My first full day in Calcutta. Breakfast in hotel coffee shop, with Hannah Fisher, Uma de Sousa, Gus van Sant, and a Brazilian named Cesare Canova who sent his regards to you, so we must have met him before. In the lobby, ran into 85-year-old Gillo Pontecorvo and his wife, and reminded him that we were eating minestrone in his flat in Cartehegna, Columbia, when the call came that his "The Battle of Algiers" had been nominated for the Oscar.

We went over to the Film Centre, six screens in one complex, where I was asked to introduced "The Sixth Sense." Strange deep-pile plush red carpeting over a very uneven floor, so that I fell over straightaway after stepping onto it.
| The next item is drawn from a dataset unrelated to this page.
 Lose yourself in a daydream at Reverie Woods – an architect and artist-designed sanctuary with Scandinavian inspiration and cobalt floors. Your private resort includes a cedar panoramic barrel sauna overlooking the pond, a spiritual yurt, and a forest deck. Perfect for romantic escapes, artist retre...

Thought myself clumsy until I observed people staggering all over the theater; the pile caught the tips of their toes.

The film was shown in the wrong aspect ratio, so that the microphone was visible in most scenes. Hannah went out to complain but was not successful. Film well-received. Then to the offices of Ansu Sur, director of the festival, and his assistant Sanjay Gosch, who Hannah says is the brains of the outfit. Mr. Sur found in a cluttered office with an array of telephones, and nothing on the wall but a very large photograph of the Bengal poet Tagore. I told him Tagore had spent two years in Urbana. This drew a blank. Standing behind Mr. Sur was his secretary, a young man who did not have an office of his own, but simply bent forward to answer the telephones and present papers for his boss's approval. Rows of chairs along the walls, occupied by various people who sat and watched, as if it were a waiting room. Box lunches served. Mr. Sur kept picking up a big red telephone and asking his secretary why it did not work.
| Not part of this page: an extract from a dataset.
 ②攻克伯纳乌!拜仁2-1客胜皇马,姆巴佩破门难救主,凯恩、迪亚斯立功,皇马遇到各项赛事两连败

TV interviews. I did one with a very well-informed journalist, and another with one who was utterly clueless. Uma kept explaining to her who I was, and she kept describing her "assignment," which was to talk about the new Indian films in the festival. Uma told her I had as yet seen none of them. She said in that case I could discuss them "in general terms." Finally she sat me down in front of her camera. "This is a statement-driven show, not a question-driven show," she told me. "Look at the camera, and at the signal from me, start talking." I nodded. She said, "New Indian cinema. Go!"

Sanjay told me the selection of Indian films was not good this year because the official government film festival in New Delhi has kept many of the prints. Hannah and I went to a film he recommended, which was incredibly incompetent--not just bad, but incompetent. Left after a scene where a witness to an accident was grilled by a policeman who shook him violently by the shirt, after which the witness fainted and the policeman's assistant brought him around with smelling salts. "Do not tell anyone you have talked to us!" the policeman tells the suspect. "Our meeting must remain a complete secret!" Then the witness is delivered back to his home in a police car with the red light flashing on the roof, not a good way to keep the secret.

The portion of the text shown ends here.